» **Exercise details**:
Across the records below, count the lines that contain "Togo" and write down only the count.

» **Exercise inputs**:
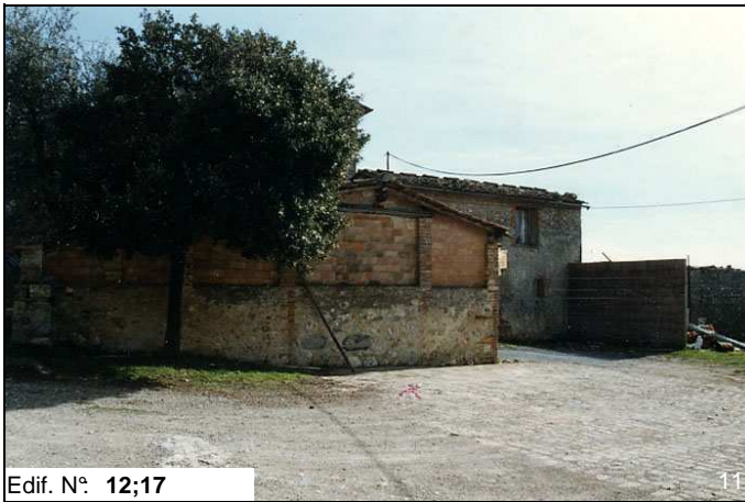
Edif. N° 12;17
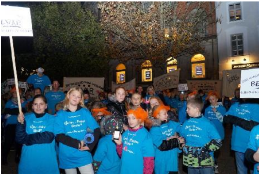
Fem skoler lukkes ikke med Radikale Venstres udspil, og eleverne på billedet skal fortsætte på deres landsbyskole i Gjerlev efter sommerferien.

En anden måde at øge mangfoldigheden på den enkelte skole, er ved at øge samarbejde mellem skolerne. Det kan gøres omkring forskellige projektføløb, men også ved at tilskynde til at flere skoler går sammen om at ansætte lærere med særlige kompetencer, som man evt. ikke kan få dækket på den enkelte skole.
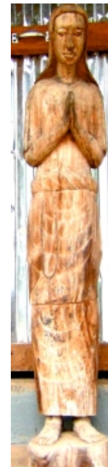
"Soeur Agomé", réchappée d'une église au Togo (Centre artisanal de Kpalimé)

(Orphelinat de Wutegblé, 5 août 2017 Temple d'Agomé, Togo, 6 août 2017)
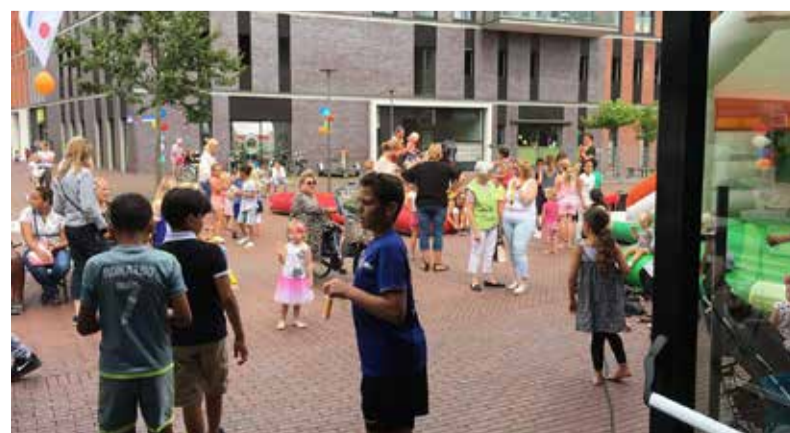
Zomerse Heempret bij Perron aan het Oosterheemplein.
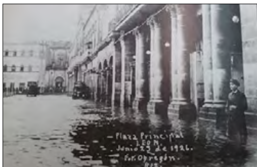
Figura 13. Fotografía de la inundación de 1926.
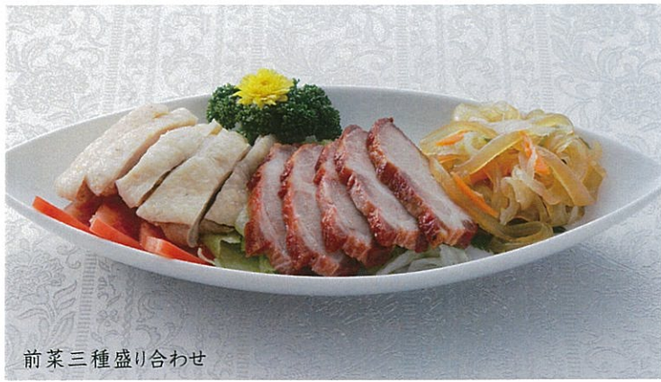
前菜三種盛り合わせ
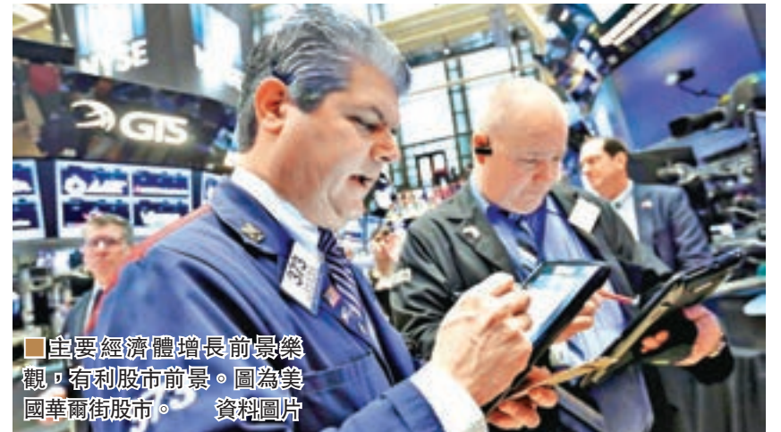
主要經濟體增長前景樂觀,有利股市前景。圖為美國華爾街街市。

他指出,各資產類別方面,對股市展望上調至正面。鑑於環球經濟復甦,以及市場預期各國將會實施更多
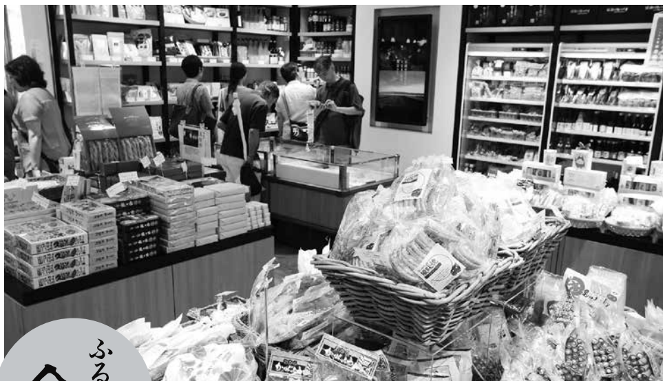
調味料から銘菓、日本酒まで約600種類の商品が満載

» **Response for this exercise**:
2